Нас же привезли в Канск; первый год мы прожили впроголодь в деревне Харлово, работая в колхозе. Там нам торжественно объявили, что срок нашей высылки — 20 лет” Летом 1942 года нас отправили на Енисейский Север. Караван барж, битком набитых “специками”, напоминал Ноев ковчег. Вперемешку с русской звучала латышская речь, литовская, финская, немецкая, еврейская, украинская... Куда и зачем нас везут — об этом было сказано четко, недвусмысленно: поскольку мы политически неблагонадежны, необходимо изолировать нас еще надежнее. Теперь, видно, с помощью вечной мерзлоты.
Как все-таки хрупка судьба человека в эпохи исторических водоворотов! Не только социальные группы или сословия — целые народы изгонялись из родных мест. “Во имя добра, столь же прекрасного и человечного, как идеал христианства, уничтожались люди,— напишет через двадцать лет Василий Гроссман в романе “Жизнь и судьба”.—Идея была прекрасна и велика, но она беспощадно убивала одних, исковеркала жизнь другим. Она отрывала жен от мужей, детей от отцов”.

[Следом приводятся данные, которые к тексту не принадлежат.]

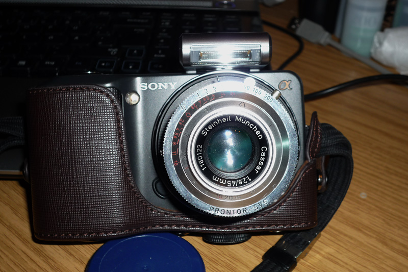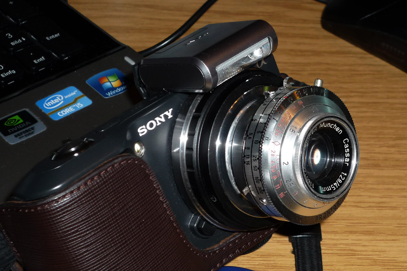 Dieses Steinheil Cassar 2.8/45 habe ich direkt an einen M39-NEX-Adapter angepasst. Fokussiert wird über den eigentlichen Fokusgang des Objektivs. Der ist nämlich noch intakt.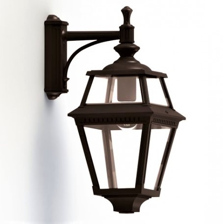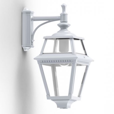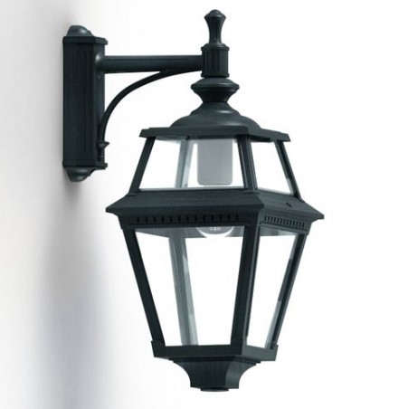Die klassische Wandlaterne Modell Vogese 2 ist eine stilvolle besonders transparente Außenwandleuchte, im Design absolut stilvoll und authentisch. Acht trapezförmige Glaseinsätze auf zwei Ebenen sorgen für die entsprechende Lichtdurchlässigkeit der Wandleuchte. Die abwärts gerichtete Outdoorleuchte ist hochwertig verarbeitet und von ihren Maßen 54,9 cm hoch, 24 cm breit und 33,7 cm tief. Die hochwertige klassische Wandlaterne aus unserer Leuchtenserie Vogese 2 wird in einer französischen Leuchtenmanufaktur in echter Handarbeit aus Aluminium gefertigt. Bei der exklusiven Außenbeleuchtung stehen Ihnen je nach Geschmack und örtlichen Vorgaben bis zu 6 verschiedene Farben/RAL-Farben zur Verfügung. Damit lässt sich die dekorative Wandleuchte für Draußen in vielen Bereichen und Farbumgebungen platzieren. Wählen Sie bei der dekorativen Außenleuchte zwischen tiefschwarz (RAL 9005), weiß, alt-rustikal (braun), grün-Patina oder gold-Patina. Die Leuchte wird auch mit einem edlen Messing-Finish angeboten. Hierbei dient schwarz lackiertes Aluminium als Basismaterial, auf das eine Messing-Patina gelegt wird, um den Messing-Finish-Effekt zu erzeugen. Der französische Hersteller gibt ab Werk auf das beschichtete Aluminium eine 25-jährige Anti-Korrosionsgarantie*. Die acht Fenstereinsätze werden aus echtem Klarglas gefertigt. Setzen Sie mit der klassischen Wandlaterne Ihren Eingangsbereich, Terrassenbereich oder andere Nebengelasse stilvoll in Szene. Natürlich eignet sich die Außenleuchte auch sehr gut als exklusive Gastronomie-Außenbeleuchtung. Begeistern Sie Ihre Gäste mit einer ansprechenden Beleuchtung. Die Designerleuchte wird mit einer E 27-Lampenfassung gefertigt. Sie bestücken die hochwertige Außenleuchte mit Leuchtmitteln bis zu 105 Watt Leistung. Leuchtmittel sind bei der Lieferung nicht enthalten. Wir empfehlen aus optischen Gründen auch die Bestückung mit sogenannten Retro-Leuchtmitteln. Die Lichtfarbe Warmweiß (z.B. 2700 Kelvin) sorgt für eine eher stimmungsvolle Lichtatmosphäre, während kaltweißes Licht generell mehr Helligkeit erzeugt. Die klassische Wandlaterne Modell Vogese 2 entspricht der Schutzart IP 44 sowie der Schutzklasse 1. Setzen Sie mit dieser tollen Leuchte im Außenbereich tolle Lichtakzente.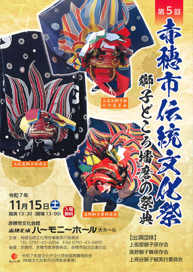 赤穂市内各地域で獅子舞を伝承する団体が日頃の練習成果を披露する赤穂市伝統文化祭が11月15日(土)、中広の赤穂化成ハーモニーホールで開催される。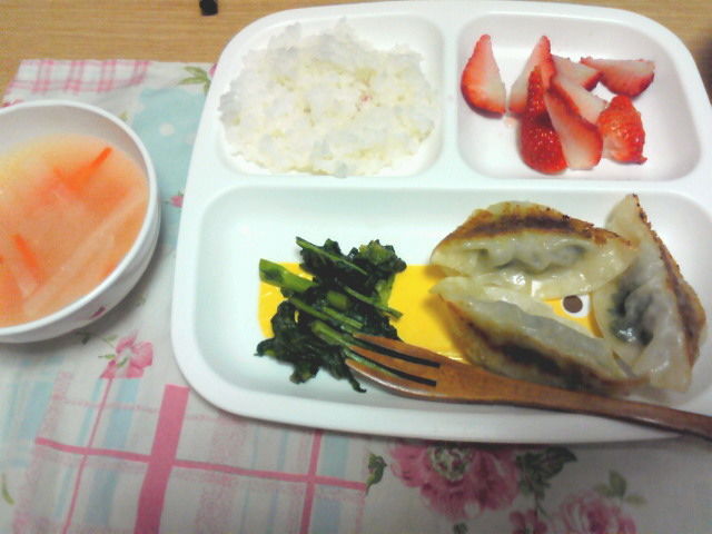 ☆餃子、なばなの炒め物、お味噌汁、いちご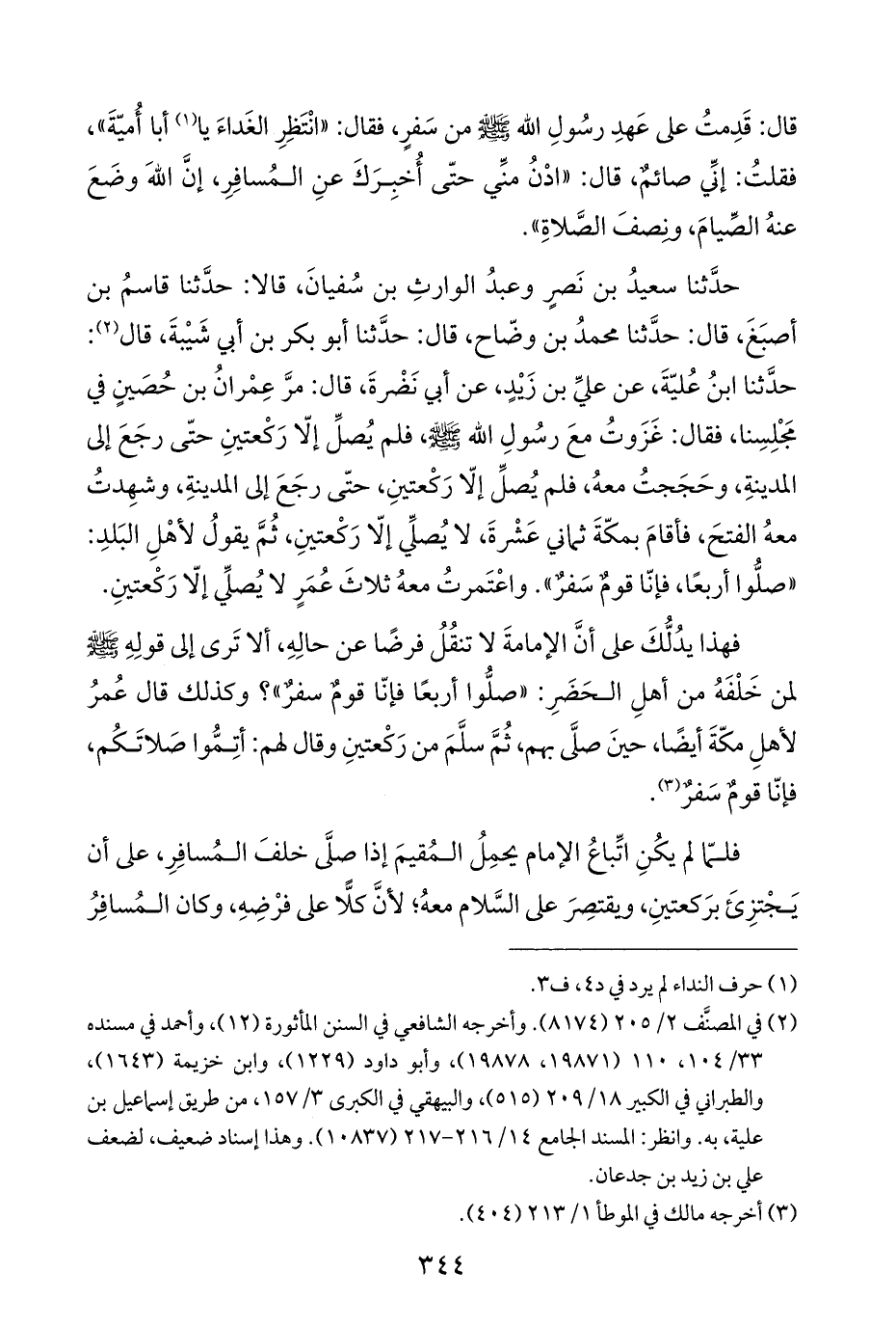 حدَّثنا سعيدُ بن نَصرٍ وعبدُ الوارثِ بن سُفيانَ، قالا: حدَّثنا قاسمُ بن أصبَغَ، قال: حدَّثنا محمدُ بن وضّاح، قال: حدَّثنا أبو بكر بن أبي شَيْبةَ، قال (¬٢): حدَّثنا ابنُ عُليّةَ، عن عليِّ بن زيدٍ، عن أبي نَضْرةَ، قال: مرَّ عِمْرانُ بن حُصَينٍ في مَجْلِسِنا، فقال: غَزَوتُ معَ رسُول اللَّه -صلى اللَّه عليه وسلم-، فلم يُصلِّ إلّا رَكْعتينِ حتّى رجَعَ إلى المدينةِ، وحَجَجتُ معهُ، فلم يُصلِّ إلّا رَكْعتينِ، حتّى رجَعَ إلى المدينةِ، وشهِدتُ معهُ الفتحَ، فأقامَ بمكّةَ ثماني عَشْرةَ، لا يُصلِّي إلّا رَكْعتينِ، ثُمَّ يقولُ لأهْلِ البَلدِ: "صلُّوا أربعًا، فإنّا قومٌ سَفرٌ". واعْتَمرتُ معهُ ثلاثَ عُمَرٍ لا يُصلِّي إلّا رَكْعتينِ.

В 300 километрах от Карского моря
Наше новое место — расположенная на енисейском левобережье фактория Дорофеевск. Несколько срубленных из плавника избушек, пекарня, склады, рыбораздел, магазин... Чувствуется ледяное дыхание Карского моря, хотя августовское солнце еще пригревает.
Первое время пришлось ночевать под открытым небом. Поначалу терзали комарье да мошка, потом стали донимать холода осенних ночей. Чтобы не окоченеть, разводили костры. Довольно быстро соорудили дощатые узенькие бараки-времянки — хоть крыша над головой. Когда докрасна раскалялись печурки, изготовленные из железных бочек, становилось невыносимо жарко и удушливо от развешенных на просушку портянок. К утру тонкие стены барака покрывались слоем шуршащей, точно шуга, изморози. Волосы, мокрые от вечерней жары, примерзали к подушкам, а подушки — к дощатой стене.

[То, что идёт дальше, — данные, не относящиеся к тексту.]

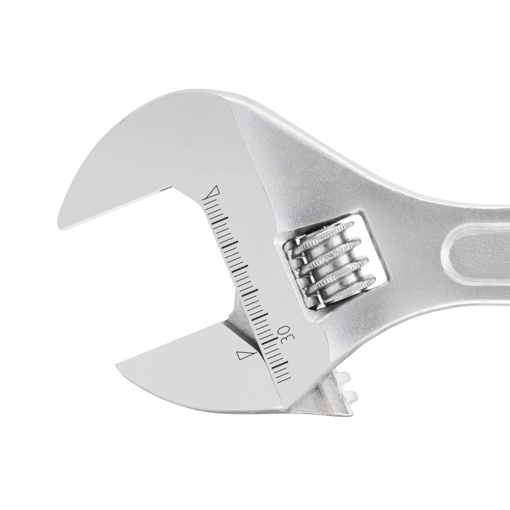 Fabriquée en acier chrome vanadium de haute qualité, cette clé forge une durabilité optimale. La mollette de réglage crantée permet d'ajuster facilement l'outil à vos besoins, tandis que les mâchoires inclinées à 15° garantissent une meilleure approche des vis. Elle est également marquée en inches et cm par gravure laser pour un ajustement précis. Disponible en quatre longueurs pour s’adapter à toutes vos exigences : 150 mm, 200 mm, 250 mm et 300 mm.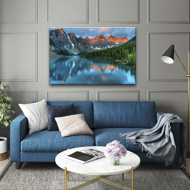 Виготовлення картин на полотні відбувається через широкоформатний друк на вологостійким дрібнозернистому полотні. Друк на полотні УФ-стійке чорнило (якість 1440dpi), матове лакове покриття. Після друку ми натягуємо полотно на підрамник із сухого дерева (сосна) і встановлюємо кріплення для підвішування. Зрештою виходить готова картина.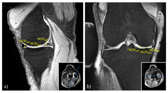 Example manual 2D reference measurements of subchondral cortical distances in the medial compartment. Visualized are the mid-sagittal (a) and mid-coronal (b) images of the Proton Density-weighted fat-saturated sequences and inset boxes to indicate their orientation. Subchondral cortical distances are indicated by yellow lines as the vertical distances between the femoral and tibial subchondral cortices at three locations along the anteroposterior (SCDap1 to SCDap3 [a]) and mediolateral dimensions (SCDml1 to SCDml3 [b]).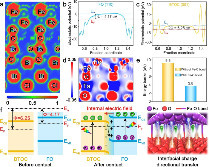 3. α-Fe2O3与Bi4MO8Cl异质界面的功函数差所诱导的内电场为组分间光生电荷的矢量迁移提供了强大的驱动力。同时,界面Fe-O键不仅可以作为原子级电荷传输通道,还降低了界面电荷转移能垒(ca. ~5.5 eV),因此显著加速了Z型电荷转移,实现了有效的空间电荷分离。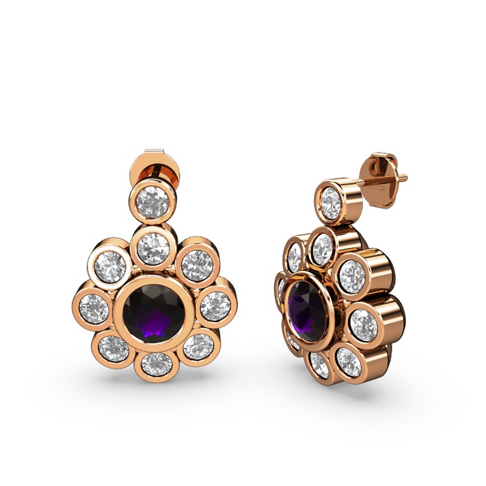 Elmas ve ametist 925 ayar rose altın kaplama gümüş küpe (1 karat)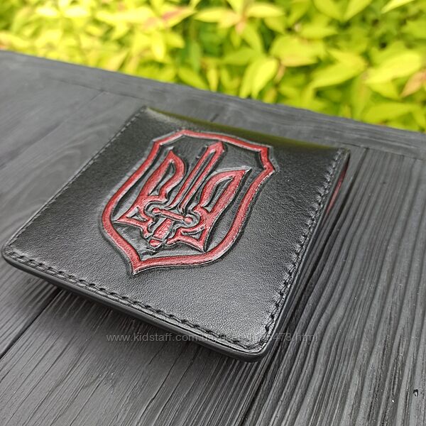 Патриотическая надпись с лицевой стороне и тризуб с обратной выполнены в технике ручного тиснения.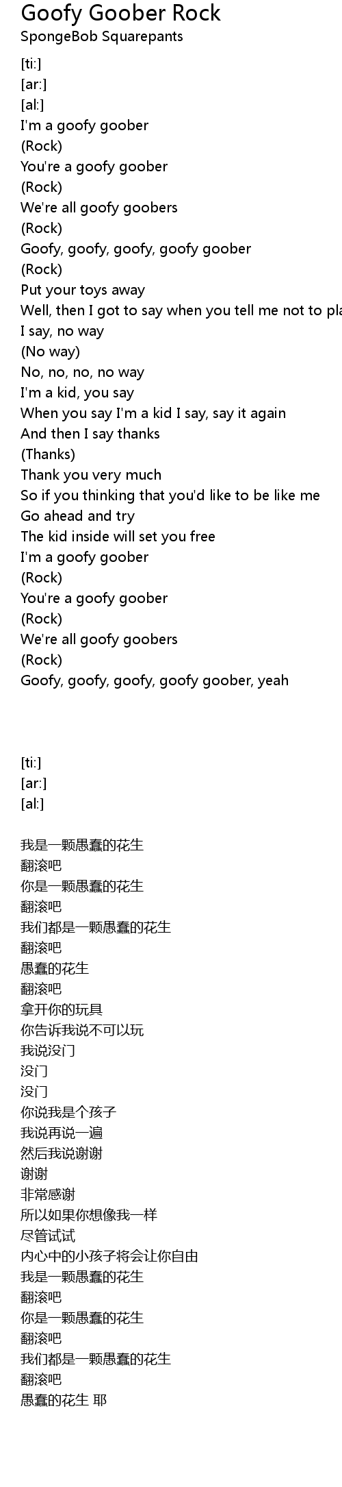 Goofy, goofy, goofy, goofy goober, yeah |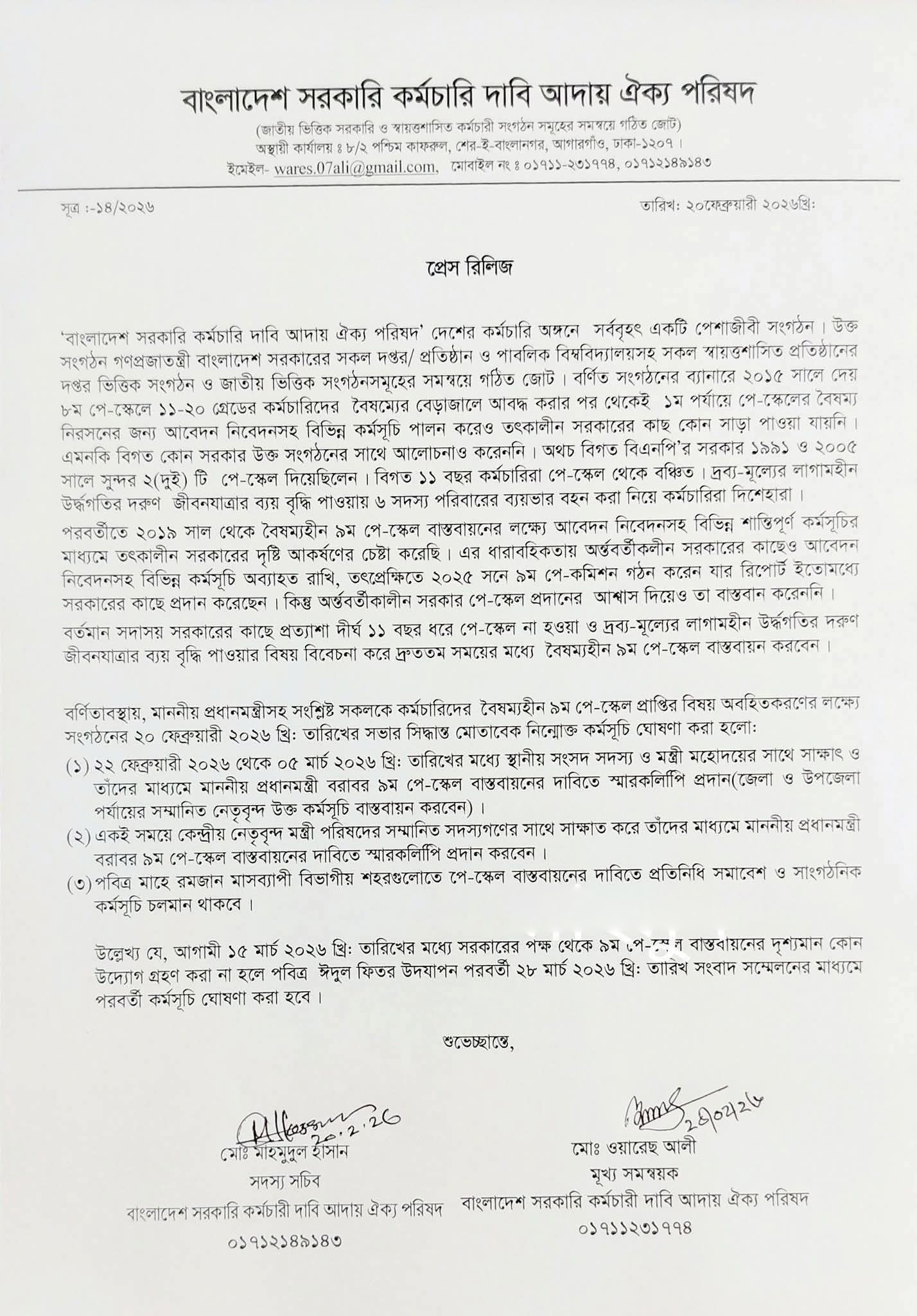 সংগঠনটির দাবি, গত ১১ বছর ধরে নতুন পে-স্কেল না হওয়ায় সরকারি কর্মচারীরা বঞ্চিত রয়েছেন। পাশাপাশি দ্রব্যমূল্যের ঊর্ধ্বগতির কারণে জীবনযাত্রার ব্যয় উল্লেখযোগ্যভাবে বেড়েছে, ফলে ছয় সদস্যের পরিবারের ব্যয়ভার বহন করা ক্রমেই কঠিন হয়ে পড়ছে।

В те августовские дни 1942 года недалеко от Дорофеевска, в каких-то трехстах километрах вниз по течению, разыгралась героическая трагедия, связанная с гибелью в Карском море ледокольного парохода “А. Сибиряков” и нападением на Диксон фашистского крейсера “Адмирал Шеер”. Мужество североморцев сорвало широко задуманную гитлеровцами в Арктике операцию “Вундерланд” (“Страна чудес”)... На таком же расстоянии вверх по течению от Дорофеевска, в поселках Дудинка и Норильск, в это самое время провожали на фронт Норильский маршевый полк; на горно-металлургическом комбинате готовились к пуску первой очереди ТЭЦ и к выпуску, первого чернового никеля, так необходимого для танковой брони, проводили первые опыты электропрогрева вечномерзлого грунта; в Норильске лечили раненых защитников Диксона, а на том месте, где сейчас Гвардейская площадь, совхоз выращивал капусту...
Но мы обо всем этом ничего не знали. Полностью были изолированы от окружающего мира — ни газет, ни радио, ни лекций, ни писем.
День ото дня становилось морознее. Покинули тундру пернатые. Все чаще в воздухе порхали снежинки, потом густо повалил сырой снег. Мы переселились к зиме в брусчатые бараки. Их не хватало, пришлось сооружать трехъярусные. На первом разместились бабушки, на втором — мамы, на третьем — молодежь. Сидеть на нарах можно было, только согнувшись в три погибели. Посредине стояла большая железная печь, так что повернуться было негде.
Темными вечерами сидели с коптилкой. Не имея ни кусочка мыла, долго и безуспешно отмывали почерневшие от копоти лица. Но, как ни трудно жилось, все равно надеялись: вот получим хоть какую-то теплую одежонку, будем работать — проживем как-нибудь, пока не кончится война. А там, бог даст, вспомнят о нас...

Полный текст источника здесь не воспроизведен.